*Goal of the exercise*
Since the records include pictures, leave those out while you reproduce exactly and only the lines from the one containing "Visit Proof |" through the one containing "安踏儿童女童加绒打底裤2025秋季新款舒适高弹儿童新年红色女长裤", inclusive.

*Exercise material*
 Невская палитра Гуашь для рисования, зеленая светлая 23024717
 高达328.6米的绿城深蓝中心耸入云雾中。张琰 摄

---

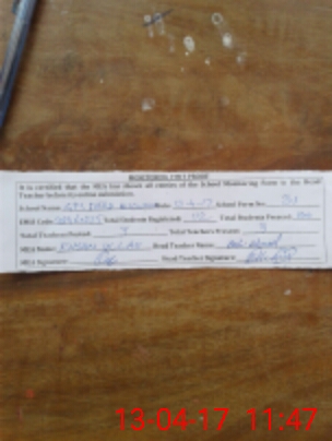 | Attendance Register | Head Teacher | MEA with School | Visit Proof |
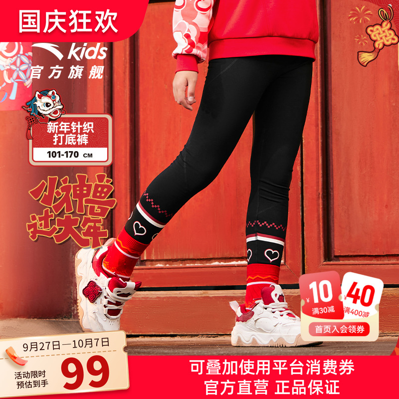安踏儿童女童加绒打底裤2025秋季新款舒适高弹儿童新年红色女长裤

==

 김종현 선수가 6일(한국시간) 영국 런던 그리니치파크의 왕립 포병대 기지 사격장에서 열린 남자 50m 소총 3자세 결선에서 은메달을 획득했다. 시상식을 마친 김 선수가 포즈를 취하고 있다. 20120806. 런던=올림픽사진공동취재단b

*Task result*
 | Attendance Register | Head Teacher | MEA with School | Visit Proof |
安踏儿童女童加绒打底裤2025秋季新款舒适高弹儿童新年红色女长裤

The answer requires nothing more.